EXERCISE:
From top to bottom, print the listing word for word and skip any pictures it contains.

══════════

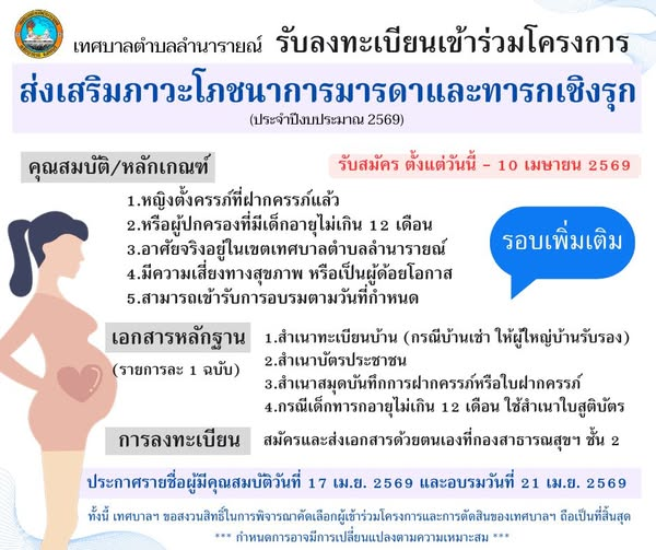 เทศบาลตำบลลำนารายณ์ ขอประชาสัมพันธ์บุคคลในเขตเทศบาลตำบลลำนารายณ์ เพื่อคัดกรองคุณสมบัติผู้ที่มีสิทธิ์เข้าร่วมโครงการส่งเสริมภาวะโภชนาการมารดาและทารกเชิงรุก![]()
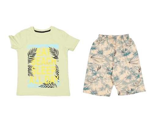 طقم شورت نصف كم من القطن للاولاد من بيرفكت بويز، مقاس 8 سنوات - اخضر فاتح TV-413-204
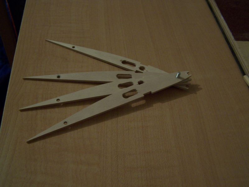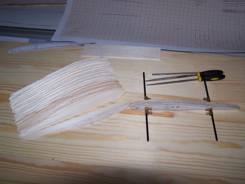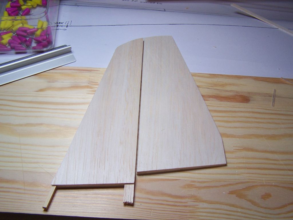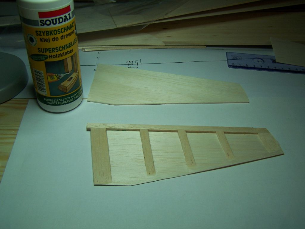 Na początek ster kierunku, pokrycie balsa 1,5 mm wzmocnienia balsa 3mm, ścięte w klin.
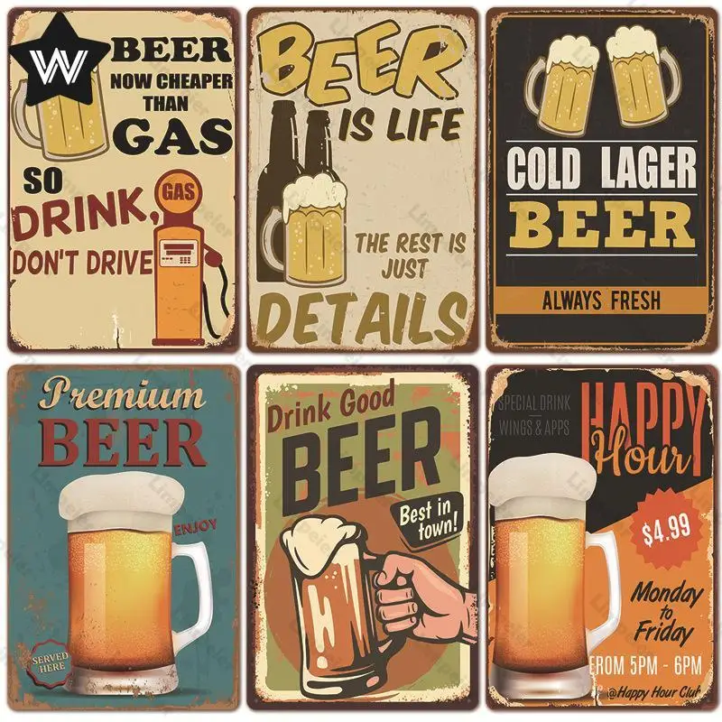 Металлический знак для пива, настенные наклейки, винтажное искусств...
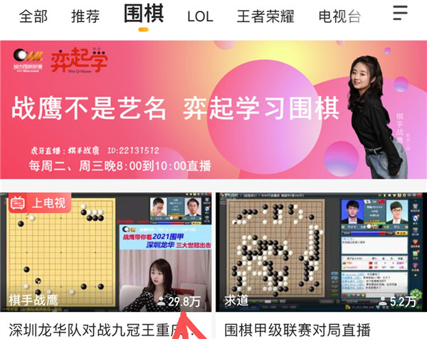 今日虎牙直播,職業(yè)女棋手戰(zhàn)鷹繼續(xù)現(xiàn)場講解點(diǎn)評深圳龍華隊(duì)對局情況,觀看人數(shù)又創(chuàng)新高,直沖30萬大關(guān)。賽后,“龍哥”時(shí)越來到直播室,與迷們一起分享了對局過程中的心路歷程。戰(zhàn)鷹作為圍棋知名主播,是深圳龍華隊(duì)網(wǎng)上直播合作人,為龍華隊(duì)帶來了一波接一波的人氣,直播室十分熱鬧!喜歡的朋友接著看吧!不過,大家要記得:明天圍甲休息一天,接著三天會(huì)連播。
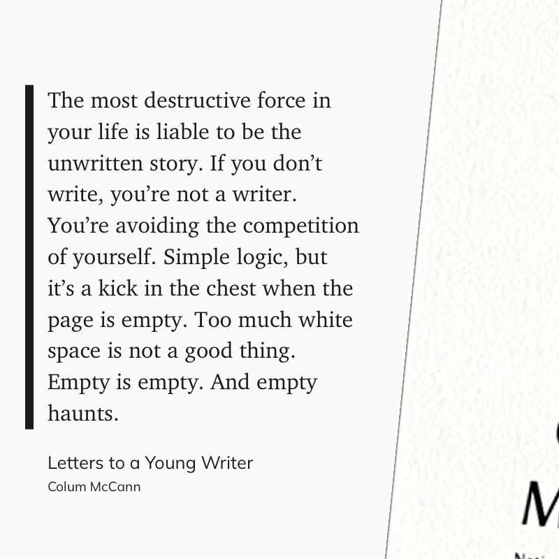 “The most destructive force in your life is liable to be the unwritten story. If you don’t write, you’re not a writer. You’re avoiding the competition of yourself. Simple logic, but it’s a kick in the chest when the page is empty. Too much white space is not a good thing. Empty is empty. And empty haunts.” (Colum McCann , Letters to a Young Writer)

══════════

TASK ANSWER:
 เทศบาลตำบลลำนารายณ์ ขอประชาสัมพันธ์บุคคลในเขตเทศบาลตำบลลำนารายณ์ เพื่อคัดกรองคุณสมบัติผู้ที่มีสิทธิ์เข้าร่วมโครงการส่งเสริมภาวะโภชนาการมารดาและทารกเชิงรุก![]()
 طقم شورت نصف كم من القطن للاولاد من بيرفكت بويز، مقاس 8 سنوات - اخضر فاتح TV-413-204
 Na początek ster kierunku, pokrycie balsa 1,5 mm wzmocnienia balsa 3mm, ścięte w klin.
 Металлический знак для пива, настенные наклейки, винтажное искусств...
 今日虎牙直播,職業(yè)女棋手戰(zhàn)鷹繼續(xù)現(xiàn)場講解點(diǎn)評深圳龍華隊(duì)對局情況,觀看人數(shù)又創(chuàng)新高,直沖30萬大關(guān)。賽后,“龍哥”時(shí)越來到直播室,與迷們一起分享了對局過程中的心路歷程。戰(zhàn)鷹作為圍棋知名主播,是深圳龍華隊(duì)網(wǎng)上直播合作人,為龍華隊(duì)帶來了一波接一波的人氣,直播室十分熱鬧!喜歡的朋友接著看吧!不過,大家要記得:明天圍甲休息一天,接著三天會(huì)連播。
 “The most destructive force in your life is liable to be the unwritten story. If you don’t write, you’re not a writer. You’re avoiding the competition of yourself. Simple logic, but it’s a kick in the chest when the page is empty. Too much white space is not a good thing. Empty is empty. And empty haunts.” (Colum McCann , Letters to a Young Writer)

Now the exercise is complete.